BEGIN Data in this exercise

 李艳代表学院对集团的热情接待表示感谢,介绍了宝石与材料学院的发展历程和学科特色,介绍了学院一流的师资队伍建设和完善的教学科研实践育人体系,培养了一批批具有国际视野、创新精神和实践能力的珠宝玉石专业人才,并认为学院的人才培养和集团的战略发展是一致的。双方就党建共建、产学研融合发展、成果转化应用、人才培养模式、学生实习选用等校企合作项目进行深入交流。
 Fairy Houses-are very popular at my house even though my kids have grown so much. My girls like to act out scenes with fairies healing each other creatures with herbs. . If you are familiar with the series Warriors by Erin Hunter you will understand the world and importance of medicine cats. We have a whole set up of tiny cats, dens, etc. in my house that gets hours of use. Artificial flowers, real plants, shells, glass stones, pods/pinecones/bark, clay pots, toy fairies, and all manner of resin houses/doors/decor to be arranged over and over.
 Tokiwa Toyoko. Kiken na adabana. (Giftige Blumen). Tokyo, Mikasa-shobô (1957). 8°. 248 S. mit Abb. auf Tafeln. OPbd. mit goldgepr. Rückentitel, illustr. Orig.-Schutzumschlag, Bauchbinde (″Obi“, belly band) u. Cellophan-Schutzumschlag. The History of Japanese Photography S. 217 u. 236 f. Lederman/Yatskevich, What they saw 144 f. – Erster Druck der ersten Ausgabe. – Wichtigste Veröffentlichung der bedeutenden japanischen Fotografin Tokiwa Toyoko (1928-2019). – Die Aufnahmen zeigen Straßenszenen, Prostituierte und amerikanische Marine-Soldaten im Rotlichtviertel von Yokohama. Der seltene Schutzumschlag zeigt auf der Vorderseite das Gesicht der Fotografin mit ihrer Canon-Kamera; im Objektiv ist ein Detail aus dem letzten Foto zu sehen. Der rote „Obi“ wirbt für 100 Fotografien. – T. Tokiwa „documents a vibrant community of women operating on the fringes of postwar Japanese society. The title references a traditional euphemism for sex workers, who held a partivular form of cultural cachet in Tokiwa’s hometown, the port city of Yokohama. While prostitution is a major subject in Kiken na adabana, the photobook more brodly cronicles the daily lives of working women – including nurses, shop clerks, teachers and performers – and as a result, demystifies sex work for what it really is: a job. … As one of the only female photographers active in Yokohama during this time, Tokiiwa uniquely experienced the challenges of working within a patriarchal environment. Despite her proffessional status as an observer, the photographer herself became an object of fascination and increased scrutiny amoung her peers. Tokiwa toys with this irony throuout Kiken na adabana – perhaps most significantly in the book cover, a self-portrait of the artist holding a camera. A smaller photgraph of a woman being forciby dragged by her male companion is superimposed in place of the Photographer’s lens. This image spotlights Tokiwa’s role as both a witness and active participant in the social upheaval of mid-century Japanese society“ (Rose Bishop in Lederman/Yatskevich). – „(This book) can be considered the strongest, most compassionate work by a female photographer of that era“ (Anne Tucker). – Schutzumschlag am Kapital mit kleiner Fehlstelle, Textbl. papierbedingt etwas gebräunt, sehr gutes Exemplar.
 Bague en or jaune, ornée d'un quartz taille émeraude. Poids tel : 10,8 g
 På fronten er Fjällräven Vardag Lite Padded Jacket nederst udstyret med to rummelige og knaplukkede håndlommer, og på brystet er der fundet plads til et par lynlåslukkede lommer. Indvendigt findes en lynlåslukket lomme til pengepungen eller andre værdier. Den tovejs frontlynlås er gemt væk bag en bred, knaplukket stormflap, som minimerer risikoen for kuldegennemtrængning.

END Data in this exercise

**Your instructions**
Your answer must be the line containing "Bague en or" through the last line above, copied exactly, with nothing added.

**Result for this exercise**
 Bague en or jaune, ornée d'un quartz taille émeraude. Poids tel : 10,8 g
 På fronten er Fjällräven Vardag Lite Padded Jacket nederst udstyret med to rummelige og knaplukkede håndlommer, og på brystet er der fundet plads til et par lynlåslukkede lommer. Indvendigt findes en lynlåslukket lomme til pengepungen eller andre værdier. Den tovejs frontlynlås er gemt væk bag en bred, knaplukket stormflap, som minimerer risikoen for kuldegennemtrængning.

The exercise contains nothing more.